Guy exiting building.

Is the UK becoming a tax-haven?

10 October 2012. Published by Adam Craggs, Partner

The FT has recently reported (see “Favourable tax draws companies to Britain” - 7 October 2012)

… that at least twenty multinational companies are drawing up plans to move their regional or global headquarters to Britain over the next year after government efforts to increase the competitiveness of the UK’s business tax regime.

In from the cold

We reported in our blog in August (Companies move back in, but lightning won’t strike twice, 20 August 2012) that, against the backdrop of the huge success of the 2012 Olympics, HMRC had received some encouraging news that the extensive reforms introduced to the taxation of the foreign profits of companies over the last five years is starting to bear fruit. The FT’s article is further evidence of the fact that, for the big boys and girls of the corporate world at least, UK Plc is open for business.

The Treasury has been trying to entice multinational companies back to UK shores for some time. In March 2011, George Osborne unveiled a package of reforms for the corporate sector and set out a bold vision for a lower tax future:

Let it be heard clearly around the world – from Shanghai to Seattle, and from Stuttgart to Sao Paulo: Britain is open for business.
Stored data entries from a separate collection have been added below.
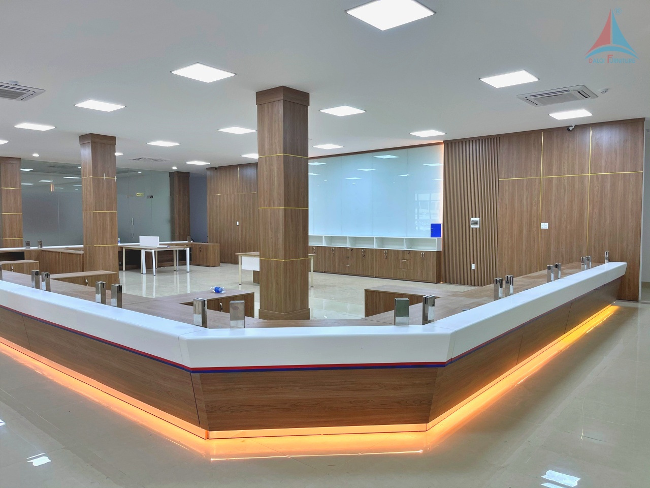 Có mối quan hệ đối tác lâu dài, Nội Thất Đa Lợi luôn được Co-opBank tin tưởng lựa chọn trong các dự án thi công quầy giao dịch tại các chi nhánh trên khắp cả nước. Tùy thuộc theo kiến trúc, diện tích thực tế của không gian để chúng tôi đưa ra được những phương án tối ưu nhất.
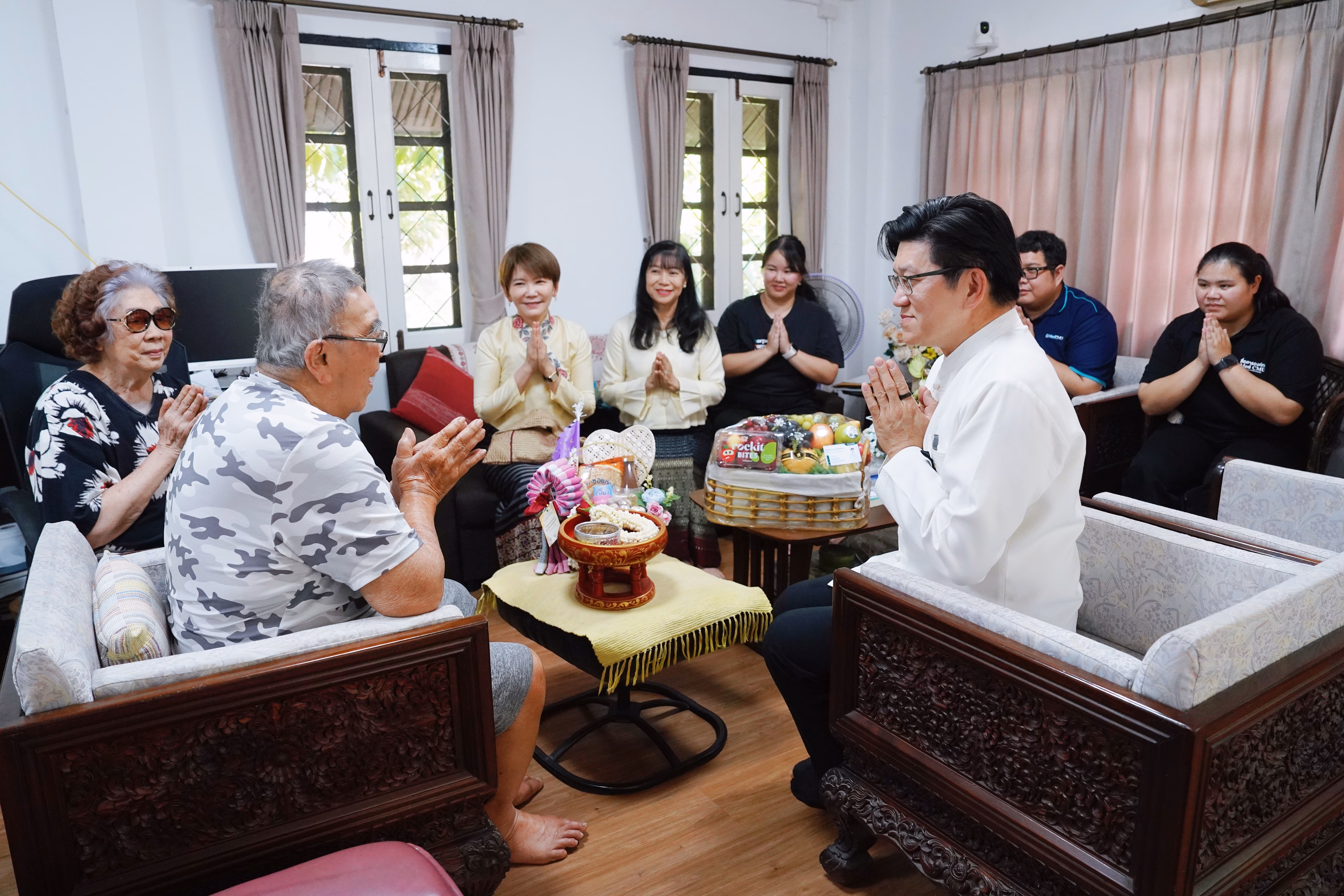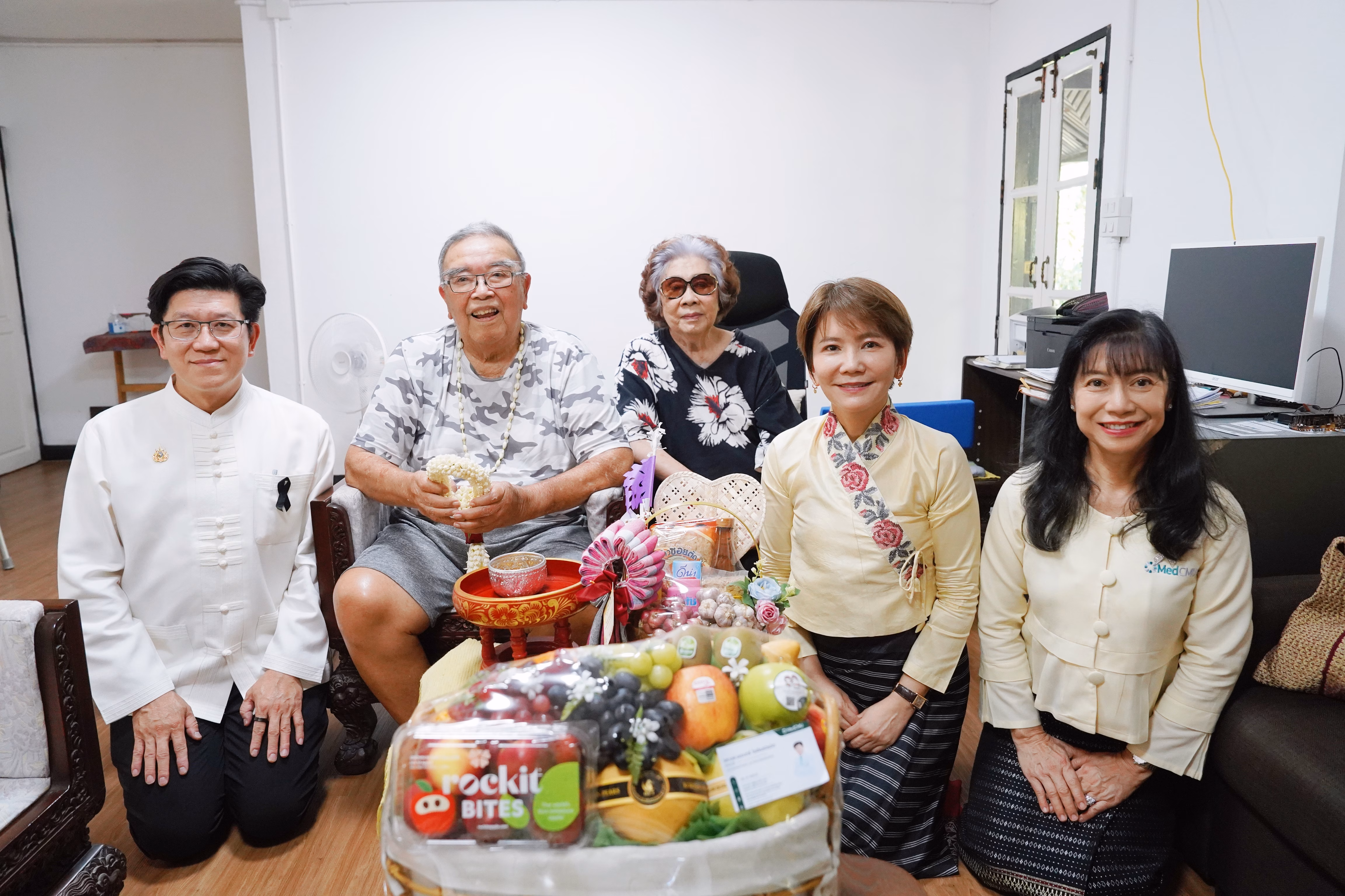 รศ.นพ.นเรนทร์ โชติรสนิรมิต คณบดีคณะแพทยศาสตร์ มช. พร้อมด้วย ผศ.พญ.พุดตาน วงศ์ตรีรัตนชัย รองคณบดีด้านสื่อสารองค์กร และคุณพัชรา อุบลศรี ที่ปรึกษาประธานมูลนิธิโรงพยาบาลสวนดอก คณะแพทยศาสตร์ มช. ร่วมสูมาคารวะ รดน้ำดำหัว และขอพร ศ.เกียรติคุณ นพ.พงษ์ศิริ ปรารถนาดี อดีตนายแพทย์ผู้อำนวยการโรงพยาบาลนครเชียงใหม่ เนื่องในเทศกาลวันสงกรานต์
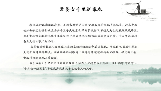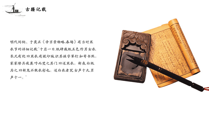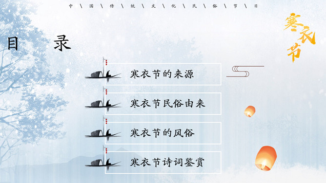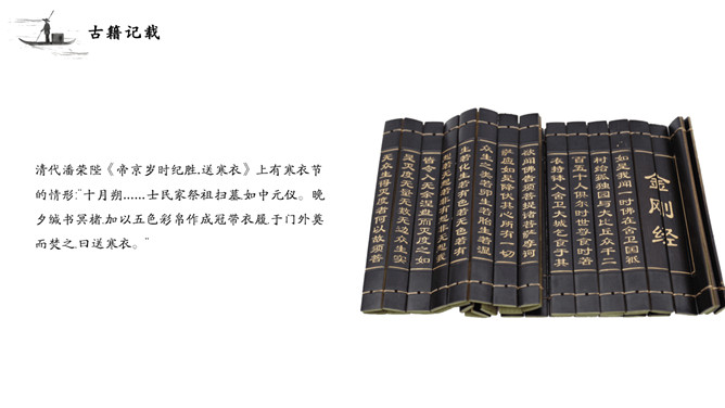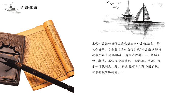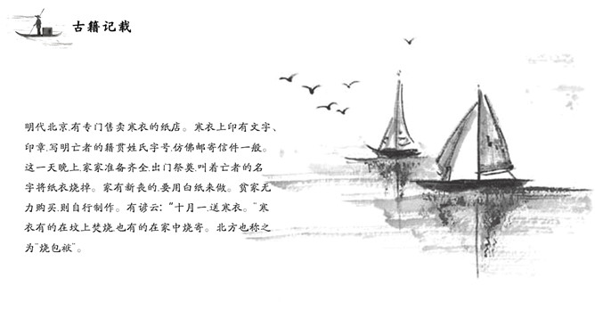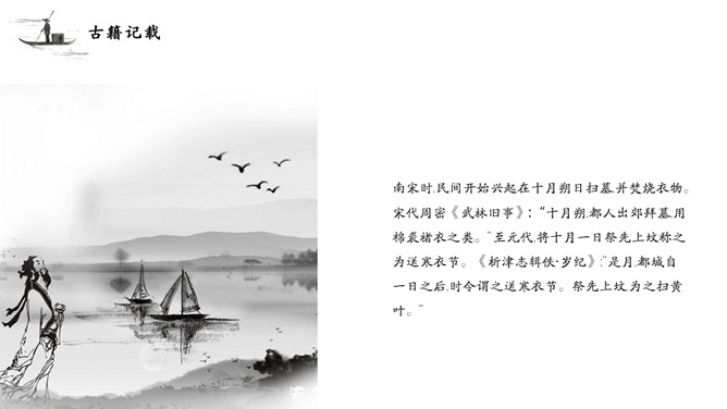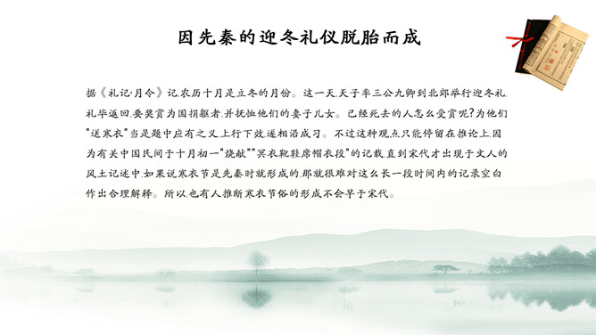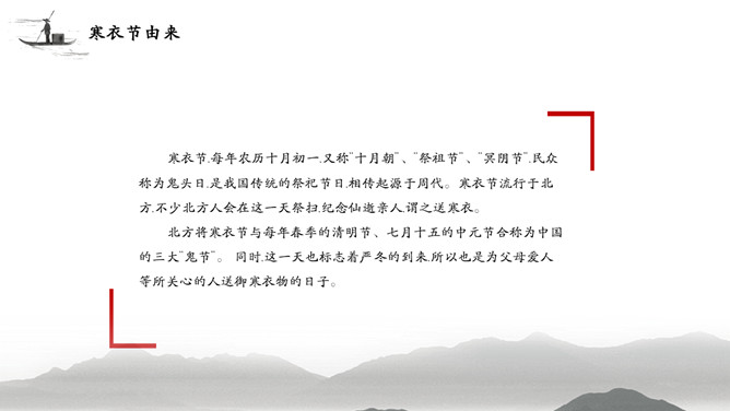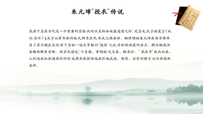 山水松树寒衣节PPT模板。寒衣节,每年农历十月初一,又称“十月朝”、“祭祖节”、“冥阴节”,民众称为鬼头日,是我国传统的祭祀节日,相传起源于周代。寒衣节流行于北方,不少北方人会在这一天祭扫,纪念仙逝亲人,谓之送寒衣。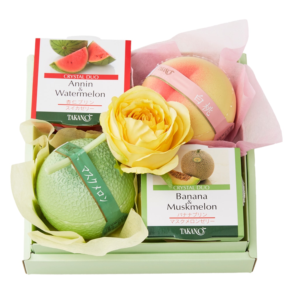 | 内容量 | 果実ピュアゼリー(マスクメロン、白桃×各1)、クリスタルデュオ(バナナプリン&マスクメロンゼリー、杏仁プリン&スイカゼリー×各1)、バラ(造花)×1 |
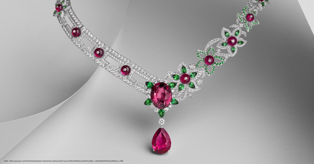 Gucci ผสานศิลปะและแฟชั่นเข้ากับเครื่องประดับในคอลเลกชัน “Labirinti Gucci” โดยเลือกใช้ Paraíba Tourmaline Fancy Sapphire และ Diamond ในดีไซน์เรขาคณิตแบบ เขาวงกต ในคอนเซ็ปการเดินทางที่ผ่านความซับซ้อน มาสู่ความสวยงามของความสมมาตร ความงามอันเป็นระเบียบของทรงเรขาคณิต และความเบ่งบานของธรรมชาติ เป็นแรงบันดาลใจในการออกแบบของ คอลเลกชันนี้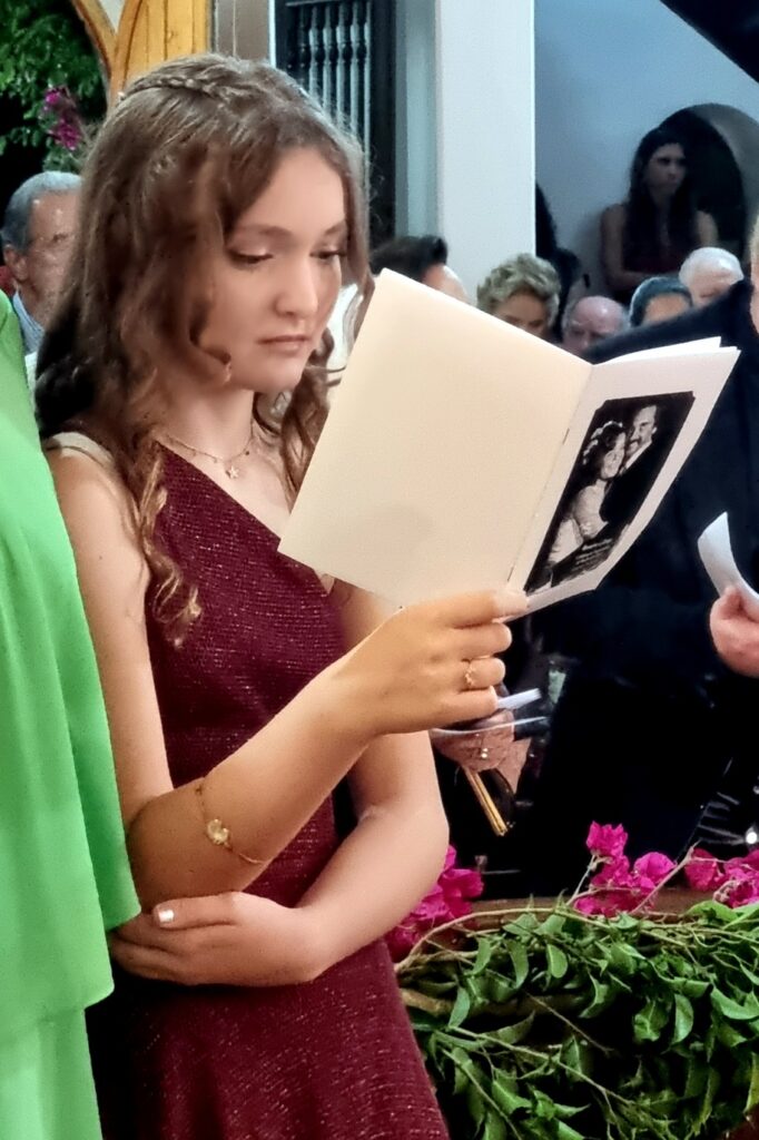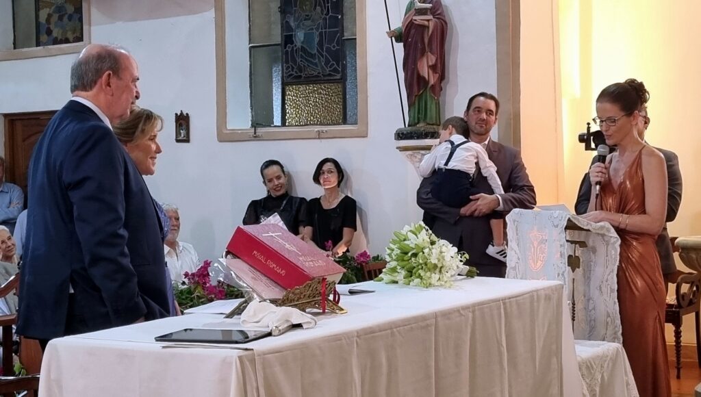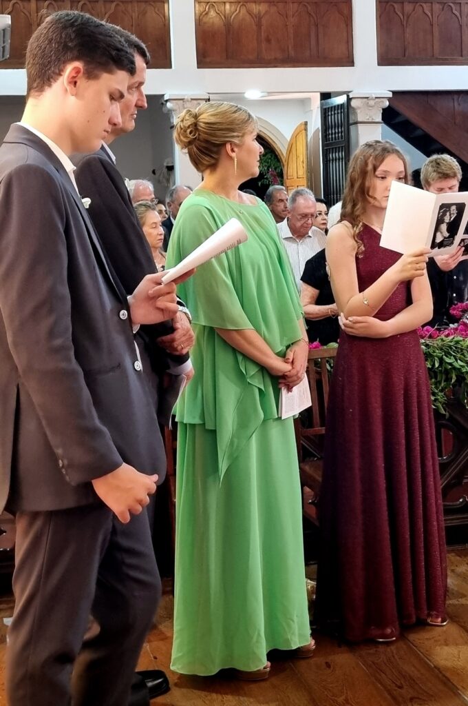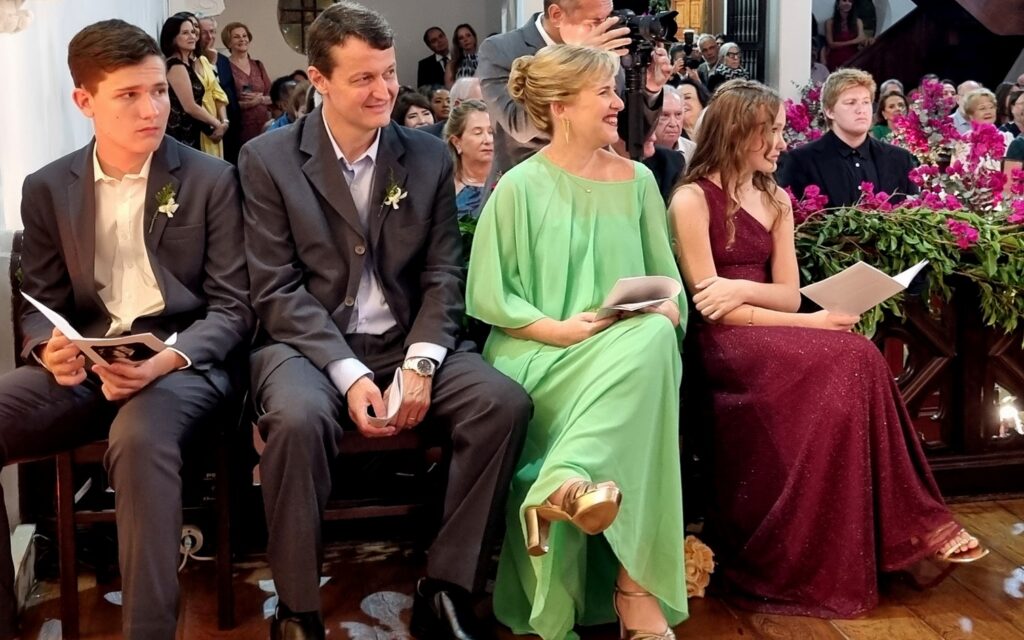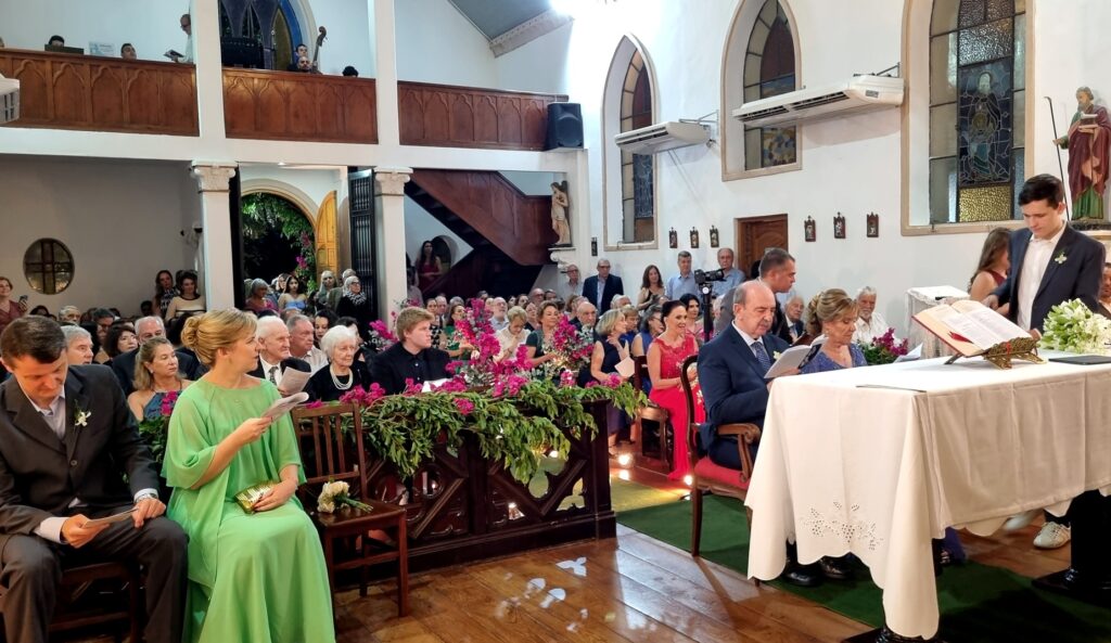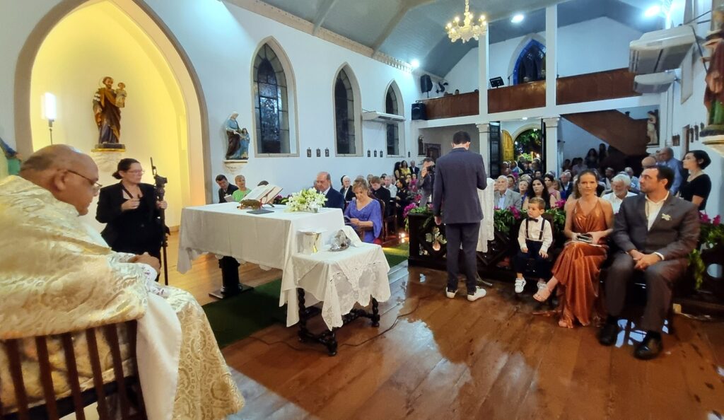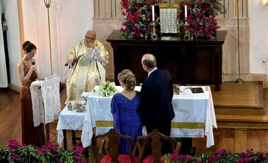 Adoramos a lembrança, as fotos estão maravilhosas, nos deliciamos com todos os detalhes. Desde a decoração da igreja , ainda vazia, até a celebração onde a música de vcs brilhou e a família participou intensamente ! Obrigado por tudo! Recebam nosso abraço carinhoso!

The Chancellor trumpeted the fact that his plans would give the UK the lowest rate of corporation tax in the G7 and that by 2014-15 the UK’s tax rate would be 16 per cent lower than America, 11 per cent less than France and 7 per cent lower than Germany (see Financial Times, “Chancellor shakes up UK corporation tax” – 23 March 2011).

Gaucke in the US

The FT’s article of 7 October reports that David Gaucke, the Exchequer Secretary to the Treasury, on a visit to Washington, has been promoting the advantages of the UK’s tax system to US companies such as Seadrill, an offshore drilling company and that the US is the biggest source of companies considering moving to the UK for tax reasons. Not surprisingly, the IRS has not reacted with enthusiasm to US companies being snapped up by UK Plc and has introduced new rules making it harder for US corporates to change their domicile.

Flight of the super-rich

The multinationals are clearly heeding the UK government’s siren calls to return to good old Blighty and they are not, it seems the only ones. As reported in the Metro (9 October 2012) homeowners in France are retreating to Britain to escape tax rises. The paper reported that the exodus of the super-rich has led to panic on the property market with more than 400 luxury homes in Paris put up for sale since May – double the same period last year. Many are fleeing Francois Hollande’s looming 75 per cent tax on earnings over £750,000 and the Metro recorded that David Cameron said he would “roll out the red carpet” to wealthy French citizens who wanted to pay taxes here.

Double standards

It is, no doubt, a laudable aim for the UK Exchequer to seek to encourage large corporates and the super-rich to relocate to the UK. It is interesting to contrast this policy with the government’s dislike of certain jurisdictions that are in its view tax-havens. Vince Cable, Business Secretary, recently pledged at the Liberal Democrats’ autumn conference to work with allies to close down tax-havens: “No one keeps their cash in tax-havens for the quality of investment advice; these are sunny places for shady people”.

It would appear that it is perfectly legitimate for the UK to seek to attract companies and wealthy individuals to the UK with relatively low tax rates, but if the likes of Monaco adopt a similar policy they are demonised!